# Unusual algebra problem (having trouble understanding the explanation)

#### m3dicat3d

##### New member
Hi all, new to the forum here. I posted this about a week ago on a different web board and had difficulty understanding the reply. I was hoping I might be able to ask someone here if they can help me make sense of this... I'm amazed at how much trouble I'm having with it...

The Problem:

If 18*sqrt(18) = r*sqrt(t), where t and r are positive integers and r > t, which of the following could be the value of r*t? (solution is 108 but I have no clue how this war arrived at)

The Response:

since everything in sight is positive we can square both sides without fear.

thus from:

18√18 = r√t, we have:

(324)(18) = r2t

183 = 5832 = r2t.

clearly t < 18, or else r2t > t3 > 5832. so t is some divisor of 18: 1,2,3,6,or 9.

if t = 1, r = √(5832), which is not an integer.
if t = 2, r = √(2916) = 54 <--this works ( (18)3/2 = (9)(18)2, which has square root 3*18 = 54).
if t = 3, r = √(1944), not an integer
if t = 6, r = √(972), not an integer
if t = 9, r = √(648), not an integer

(look at the prime factorization of 18 cubed)

so the only case where r and t are integers with r > t is t = 2, r = 54, hence rt = 108.

My follow up to the response:

"since everything in sight is positive we can square both sides without fear.

thus from:

√18 = r√t, we have:

(324)(18) = r2t

183 = 5832 = r2t.

clearly t < 18, or else r2t > t3 > 5832. so t is some divisor of 18: 1,2,3,6,or 9."

I think where I'm getting hung up in the explanation is the "clearly t < 18, or else r2t > t3 > 5832. so t is some divisor of 18: 1,2,3,6,or 9."

I understand that if t > r that the result would be > 5832. The part I'm having trouble with is how to indentify that t is in fact less than 18 specifically.How do we know this? And how does the responder know to use a factor/divisor of 18 and not some other integer?

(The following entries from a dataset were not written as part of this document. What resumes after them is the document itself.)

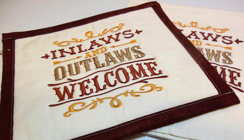 Inlaws And Outlaws Welcome Towel & Potholder Set
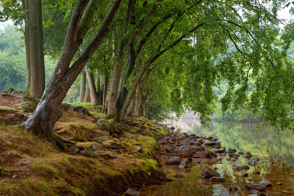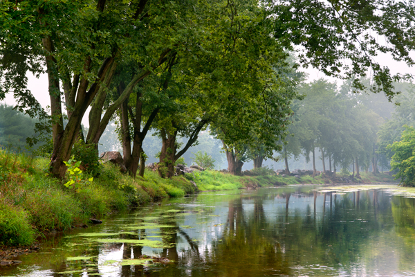 This is a photo I took after putting on the hip waders and going out to about mid stream. The creek is a little lower than normal right now,so I was not worried about getting knocked over by the current,and it provided a nice vantage point during a slightly foggy day. Depth was anywhere from 8 inches to about 2 feet,which allowed me to navigate anywhere on the stream I needed. I carried only one camera with lens on my tripod and brought a polarizer,which helped with the reflection.
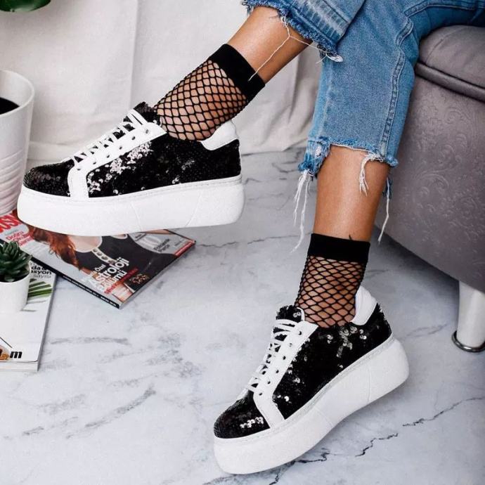Crne, sa šljokičastim uzorkom, jedanput nošene, boja i model kao na slici, veličina 40.
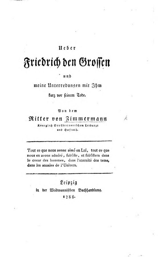 Ueber Friedrich den Grossen und meine Unterredungen mit Ihm kurz vor seinem Tode. Von dem Ritter von Zimmermann Königlich Großbritannischem Leibarzt und Hofrath.1788 BT: 6689
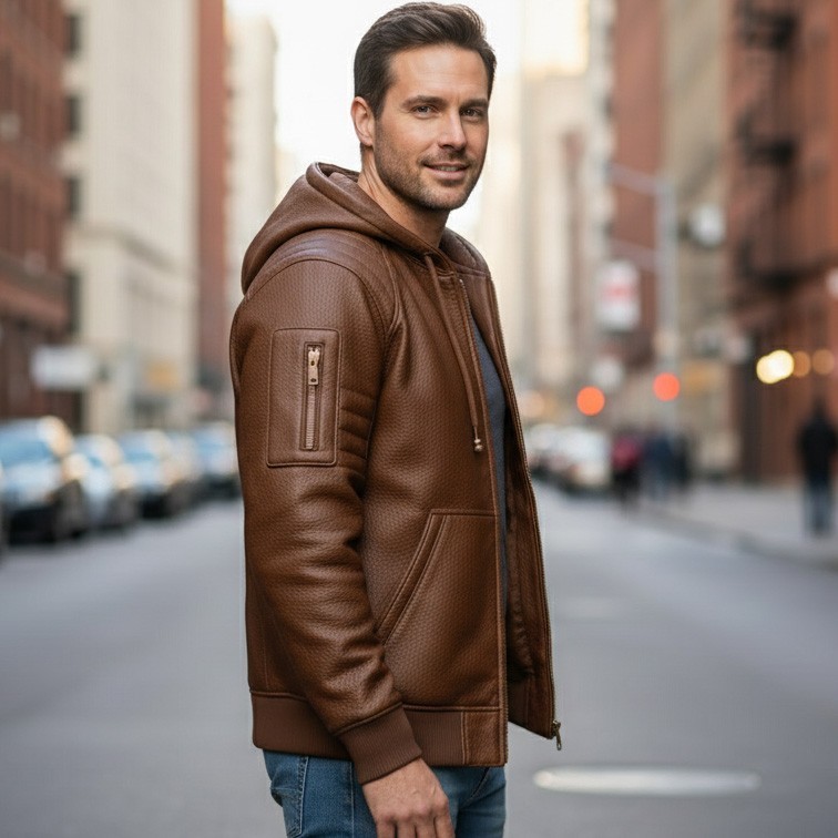 Men's Brown Premium Leather Hoodie Handmade Genuine Lambskin Leather Jacket Coat
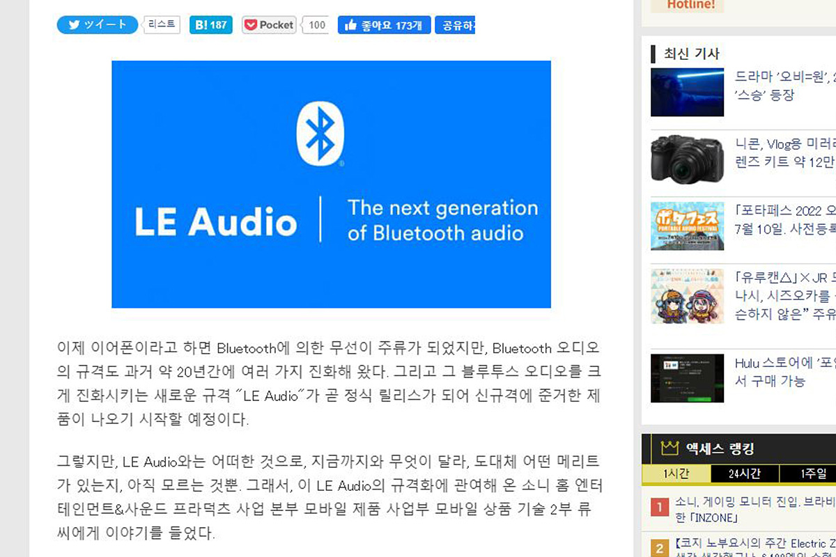 오늘 발행된 소식 중에 제가 찾고 있던 정보가 있어서 완전 반가웠습니다. 현재 SONY LinkBuds S 이어폰을 테스트하고 있는데 이 제품에서 사용된 차세대 오디오 코덱인 LE Audio에 대한 소식이 있네요. 타이밍 굿!

Is there a link/website or some section of math one would practice in a book/class for a problem of this nature? It's important to me to understand the "why" of it instead of memorizing "how" to do a particular problem type.

Thanks.

#### Sudharaka

##### Well-known member
MHB Math Helper
I think where I'm getting hung up in the explanation is the "clearly t < 18, or else r2t > t3 > 5832. so t is some divisor of 18: 1,2,3,6,or 9."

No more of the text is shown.